What to produce:
Please retype the entries below exactly, only from their first line through the line containing "オウルテックブースでは、発売", leaving every picture out.

*** Given data

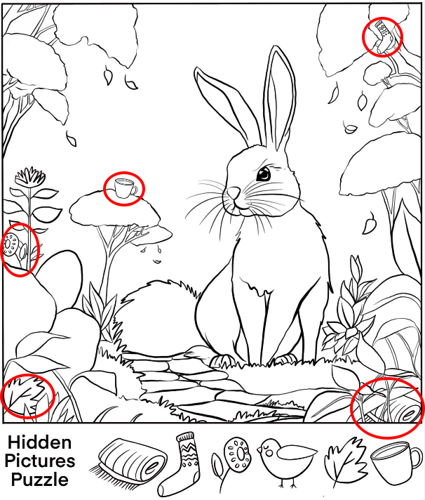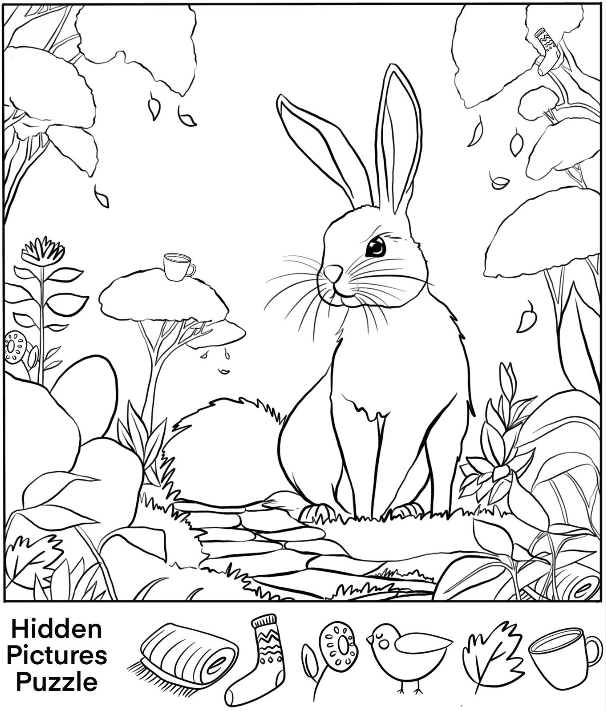 There’s something enchanting about hidden object illustrations. At first glance, the scene seems simple—a curious rabbit sitting in a quiet woodland clearing. But as you let your eyes wander, you realize the picture is filled with playful secrets. Everyday objects are tucked into the trees, mushrooms, and leaves, cleverly disguised to challenge your perception. This is no ordinary drawing—it’s a puzzle that turns a peaceful moment in nature into a delightful adventure of discovery.
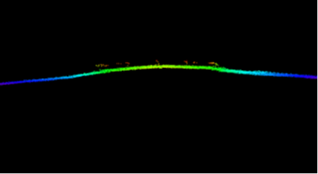 Pre-pulses occur over the laser illuminated area when there is contrasting reflectance (an example would be white paint marks on a runway). The waveform peak detection algorithm detects these peaks and results in points being incorrectly reported above the actual ground.
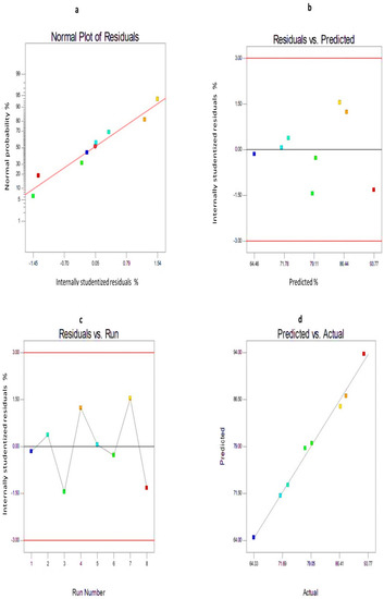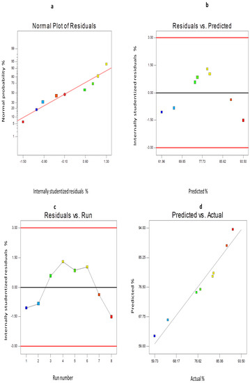 Furthermore, the diagnostic plots of both EE% and Q24h were developed to assess the reliability and the reasonable fit of the present model (Figure 6 and Figure 7). The difference between the actual values of each response and their corresponding predicted values was used to determine the residuals (Y1 and Y2). Figure 6a and Figure 7a show the normal probability plots of the residuals as a linear pattern with a normal distribution of residuals, implying that the obtained data need no transformation. The colored points, demonstrating the values of both responses, were randomly distributed and presented around the zero axis (Figure 6b and Figure 7b), indicating the lack of constant error. Figure 6c and Figure 7c depict a uniform scattering of points, demonstrating the absence of lurking variables. The significance of the influence of the studied independent variables on Y1 and Y2 was demonstrated by the ANOVA analysis, as shown in Table 3.
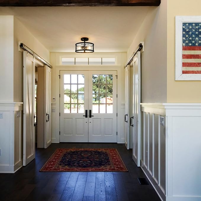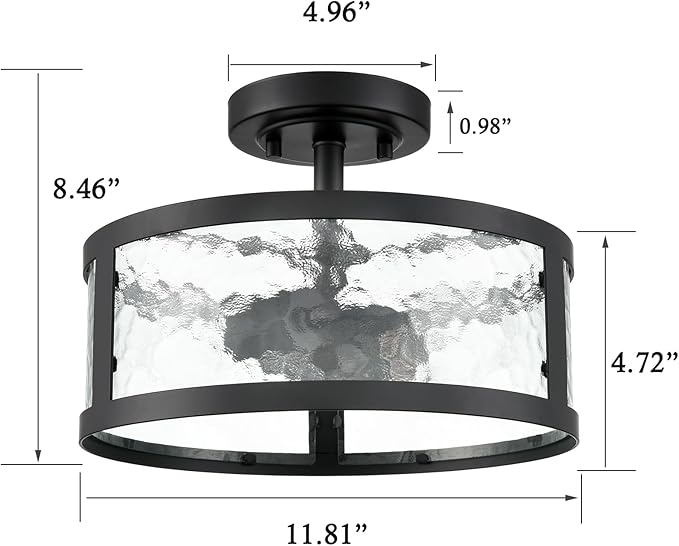 • Black Design & Hammerd Glass :The enhanced rustic bedroom ceiling light combines classic design with a sleek modern shape, resulting in a captivating ambiance that you desire. Harmmered glass disffuse the light to suite your home
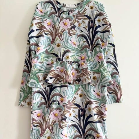 Upea merkki mekko. Yläosa ribbi. Kaunis kukkakuosi ja raita
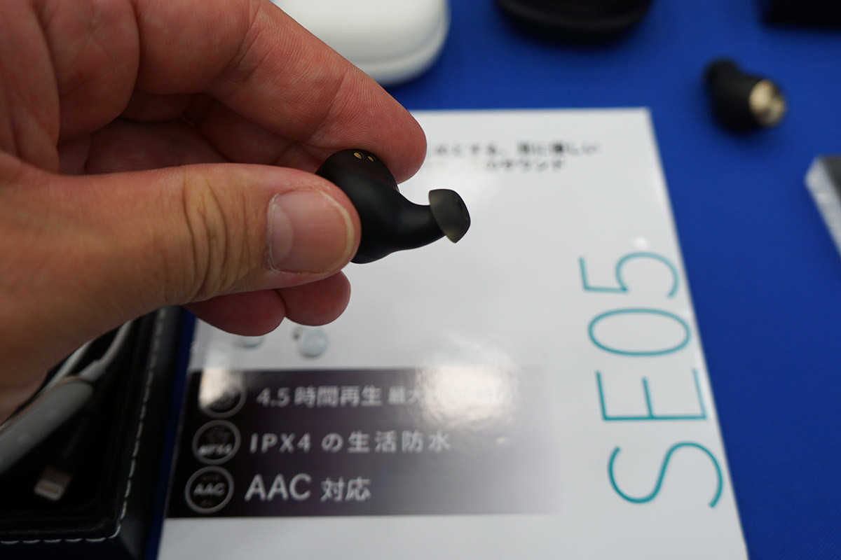 オウルテックブースでは、発売中の完全ワイヤレスイヤホン「Samu-SE03」の新色ピンクが参考出品されていたほか、9月中旬に発売される「Samu-SE04」も展示されていました。試聴をするだけでマイクロUSBケーブルがプレゼントされるということで、試聴希望者が途切れないほどの人気ぶり。
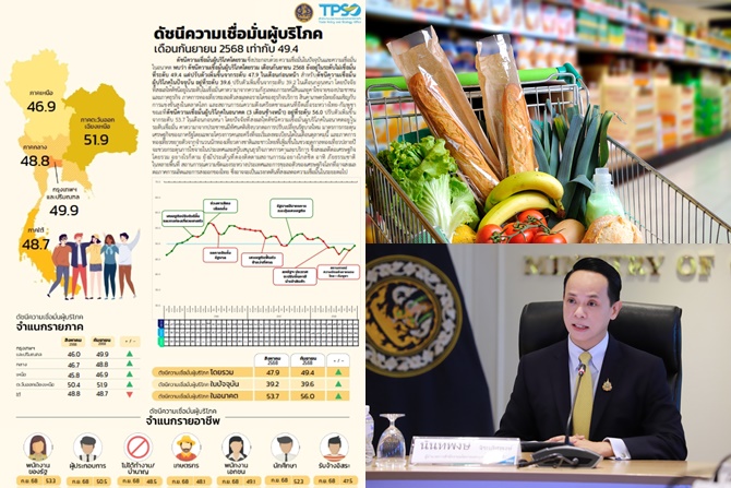 เมื่อวันที่ 9 ตุลาคม 2568 นายนันทพงษ์ จิระเลิศพงษ์ ผู้อำนวยการสำนักงานนโยบายและยุทธศาสตร์การค้า (สนค.) เปิดเผยผลสำรวจความคิดเห็นของประชาชนทั่วประเทศ จำนวน 5,793 ราย พบว่า ดัชนีความเชื่อมั่นผู้บริโภคโดยรวมเดือนกันยายน 2568 อยู่ที่ระดับ 49.4 เพิ่มขึ้นจากระดับ 47.9 ในเดือนก่อนหน้า สะท้อนถึงความเชื่อมั่นของประชาชนที่เริ่มปรับตัวดีขึ้น จากความคาดหวังต่อมาตรการกระตุ้นเศรษฐกิจของภาครัฐในระยะต่อไป

******

Task result:
 There’s something enchanting about hidden object illustrations. At first glance, the scene seems simple—a curious rabbit sitting in a quiet woodland clearing. But as you let your eyes wander, you realize the picture is filled with playful secrets. Everyday objects are tucked into the trees, mushrooms, and leaves, cleverly disguised to challenge your perception. This is no ordinary drawing—it’s a puzzle that turns a peaceful moment in nature into a delightful adventure of discovery.
 Pre-pulses occur over the laser illuminated area when there is contrasting reflectance (an example would be white paint marks on a runway). The waveform peak detection algorithm detects these peaks and results in points being incorrectly reported above the actual ground.
 Furthermore, the diagnostic plots of both EE% and Q24h were developed to assess the reliability and the reasonable fit of the present model (Figure 6 and Figure 7). The difference between the actual values of each response and their corresponding predicted values was used to determine the residuals (Y1 and Y2). Figure 6a and Figure 7a show the normal probability plots of the residuals as a linear pattern with a normal distribution of residuals, implying that the obtained data need no transformation. The colored points, demonstrating the values of both responses, were randomly distributed and presented around the zero axis (Figure 6b and Figure 7b), indicating the lack of constant error. Figure 6c and Figure 7c depict a uniform scattering of points, demonstrating the absence of lurking variables. The significance of the influence of the studied independent variables on Y1 and Y2 was demonstrated by the ANOVA analysis, as shown in Table 3.
 • Black Design & Hammerd Glass :The enhanced rustic bedroom ceiling light combines classic design with a sleek modern shape, resulting in a captivating ambiance that you desire. Harmmered glass disffuse the light to suite your home
 Upea merkki mekko. Yläosa ribbi. Kaunis kukkakuosi ja raita
 オウルテックブースでは、発売中の完全ワイヤレスイヤホン「Samu-SE03」の新色ピンクが参考出品されていたほか、9月中旬に発売される「Samu-SE04」も展示されていました。試聴をするだけでマイクロUSBケーブルがプレゼントされるということで、試聴希望者が途切れないほどの人気ぶり。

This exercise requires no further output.